Gevelsteen D IONGE KOOPERSLAGER

Gevelstenenmuur Sint Luciënsteeg, Amsterdam

Tuinstraat 88 met de gevelsteen ‘D Ionge Kooperslager’. Foto uit mei 1929 van C.F. Jansen (1895- 1961).
© Stadsarchief Amsterdam

Een gevelsteen met een man die met een hamer op een grote ketel slaat. Uit de ketel steekt het hoofd van een knechtje. Waarschijnlijk is de man bezig met het slaan van klinknagels die het knechtje aan de binnenkant moet tegenhouden. Men mag er vanuit gaan dat deze koperslagers- knechten al op jonge leeftijd forse gehoorschade opliepen, door de oorverdovende klappen die op de ketels, waar ze in zaten, werden gegeven.

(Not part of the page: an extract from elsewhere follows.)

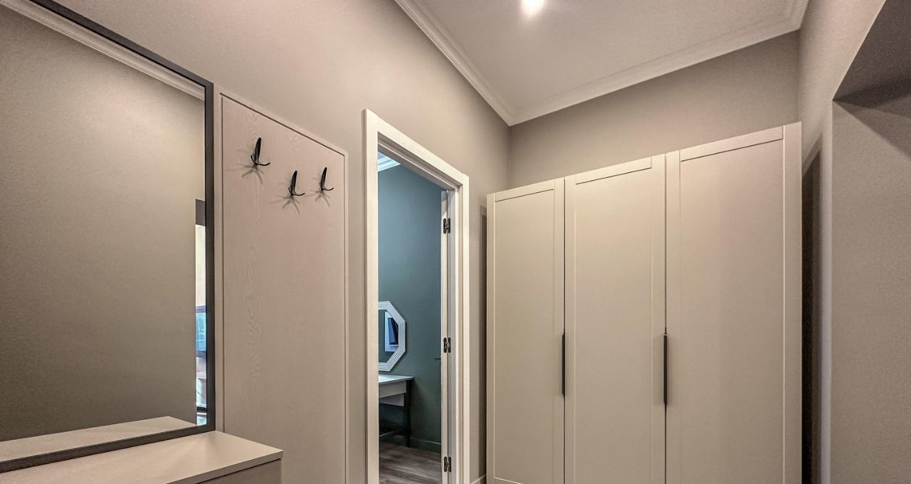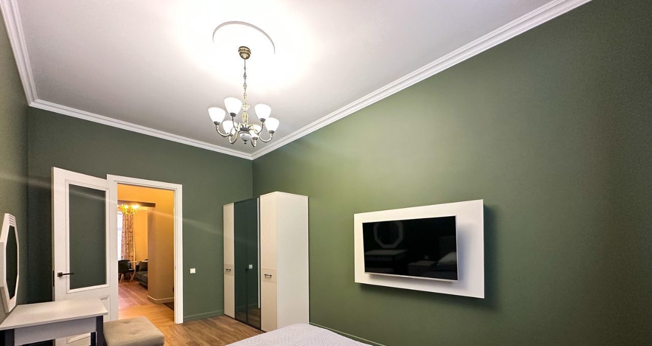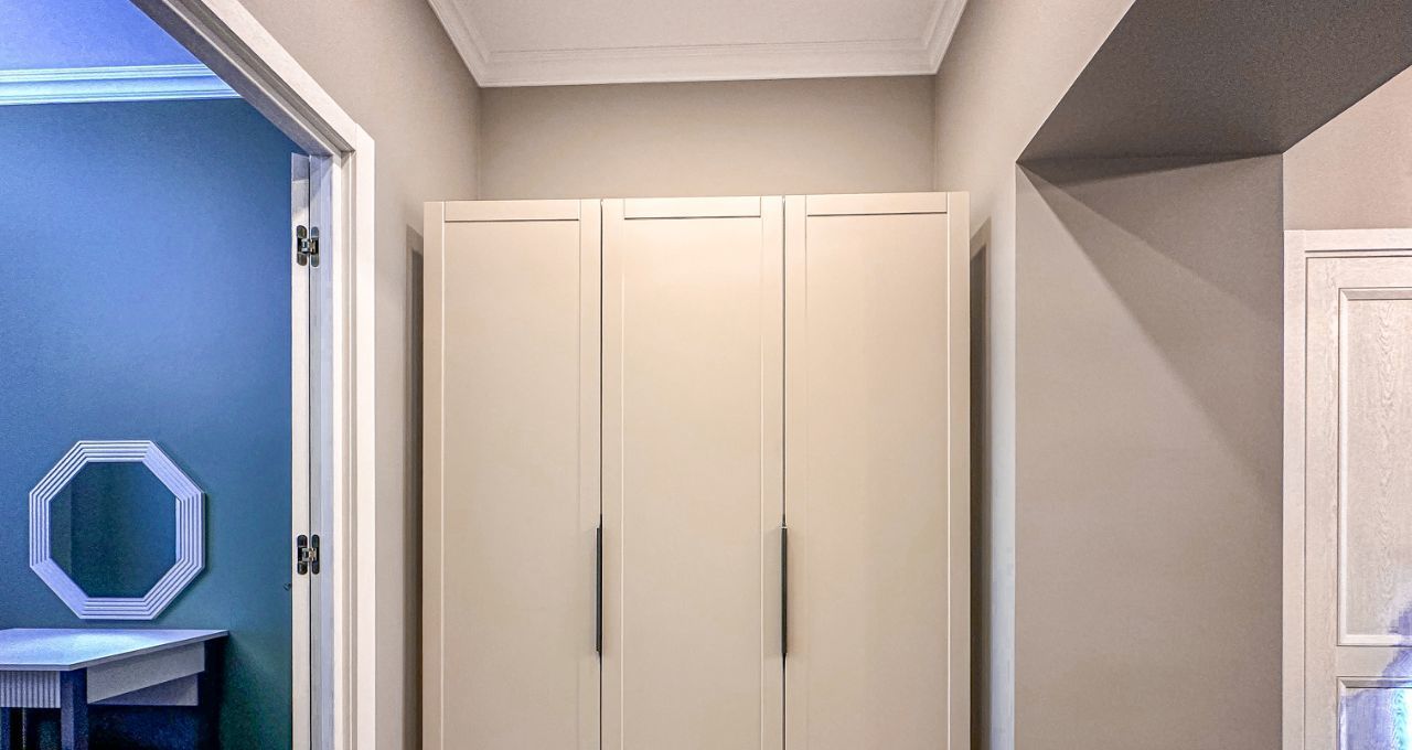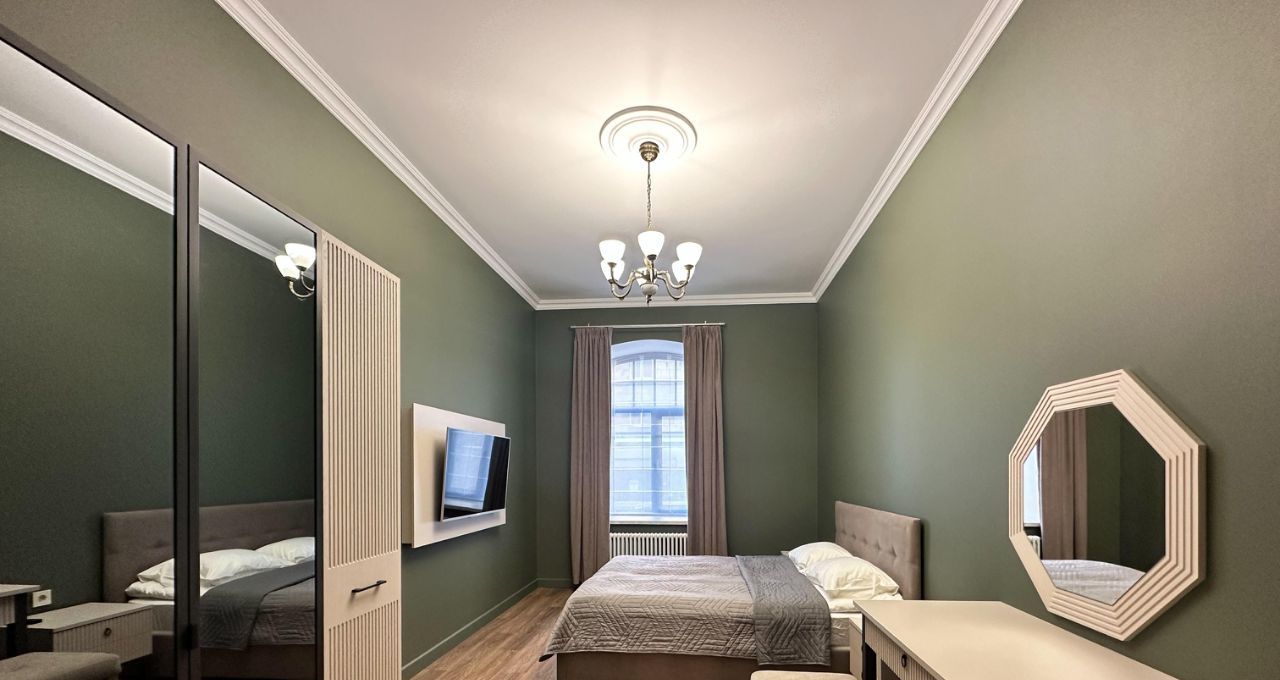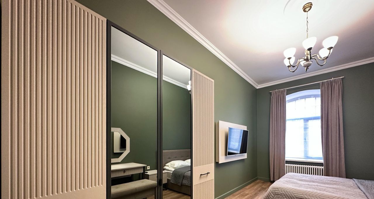 Спальня: Изолированная комната с большой двуспальной кроватью (ортопедический матрас) и вместительным встроенным шкафом-купе.

De rococo- omlijsting van de fraai gehakte steen duidt op een ontstaan in de tweede helft van de 18de eeuw. Dat klopt ook wel want in oktober 1765 koopt koperslager Hendrik Broens een vervallen pand in de Tuinstraat en vervangt het in 1766 door een nieuw pand waarin hij de gevelsteen laat aanbrengen.

Zijn enige zoon Johannes Bernardus was toen vier jaar en waarschijnlijk liet hij de steen hakken in de hoop dat zijn zoon hem als koperslager zou opvolgen, hetgeen ook gebeurde. In de periode 1783- 1794 betaalde hij in ieder geval het gildegeld aan het Smidsgilde.

De gevelsteen tijdens de restauratie in 2013.

Het pand werd in 1944 gesloopt, de gevelsteen werd in 1949 door het K.O.G. (Koninklijk Oudheidkundig Genootschap) aangekocht en in 1955 in de Sint Luciënsteeg ingemetseld op de plek die vrijgekomen was door het overbrengen van een cartouche met Hebreeuwse tekst naar de Portugees- Israëlitische Synagoge aan het Mr. Visserplein.

In 2013 heeft Wil Abels deze steen (formaat: 65x 70cm), tesamen met de andere stenen in deze gevelstenenmuur, in opdracht van de Vereniging Vrienden van Amsterdamse Gevelstenen gerestaureerd en weer in kleur gezet.